大山誠一郎 『仮面幻双曲』

仮面幻双曲
 双子の兄の文彦を殺すために、弟の武彦は自分の顔を手術した整形外科医を殺害します。そして東京で探偵をしている川宮圭介・奈緒子の兄妹は、文彦からの手紙で自分を守って欲しいという依頼を受け、琵琶湖近くで製糸会社を営む占部家へと招かれます。ですが兄妹が身辺警護を引き受けたその晩に、何故か犯人を招き入れるかのように窓が開かれた自室で、文彦は殺されてしまいます。

 戦後間もない日本の片田舎、裕福な家庭を舞台にした怨恨による殺人という、ストーリーといい時代がかった文体といい、まさに平易に書き下された横溝正史の作品を読んでいるかのような錯覚に陥る1作です。
 整形して顔を変えた、だが彼がどんな顔になったのか分からないという状況下でのトリックは、逆転の発想から導かれる結末も含めて非常に良く出来ていますし、双子の兄弟の間の確執による陰惨な事件という道具立ても、この種の世界観が好きな読者にはまさにストライクど真ん中と言えるでしょう。

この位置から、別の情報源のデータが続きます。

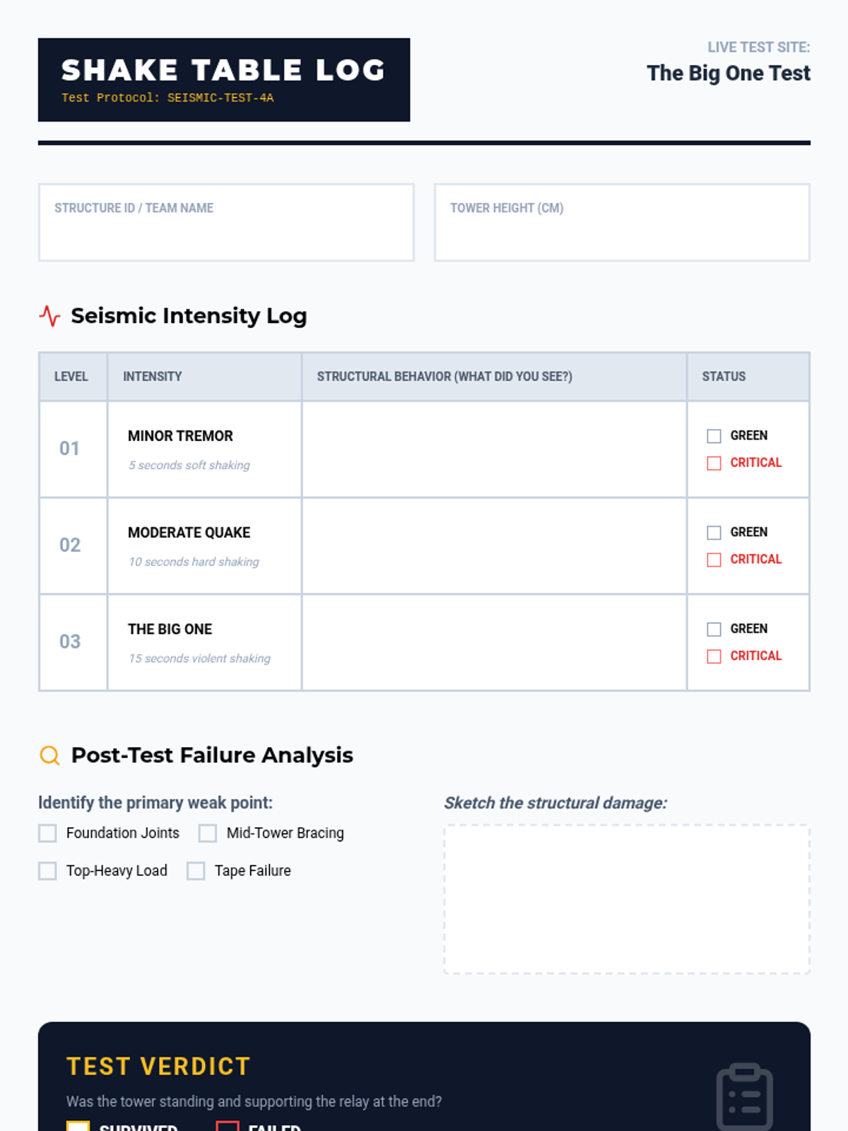 A 5th-grade engineering sequence focused on seismic safety. Students explore earthquake physics, structural engineering principles, and the iterative design process to build and test earthquake-resistant structures.

 ただし敢えて探偵を兄妹の二人にしてはいても、この二人の個性付けとなる書き込みが浅いこと、また片方をワトソン役にするとしても些か中途半端に終わったという印象も否めません。トリックそのものに関しても、大筋での構造は非常に良く出来てはいますが、些か作中においてもリアリティの面で厳しいという部分も無いとは言えません。また、時代がかった空気を感じさせる文体も非常に読み易い反面、元にあった何かを抄訳して若年齢層向けにリライトしたような、ある意味作品が本来持つ世界観に反する薄味さを感じさせられる怖れもある気がします。
 ですがそうした荒削りな部分も含めて総体的に、古き良き日本的な本格ミステリの雰囲気は久々に味わえた秀作。
 何冊も続けてこの手の物を出されるのでなければ、個人的にはこの手のものは好きです。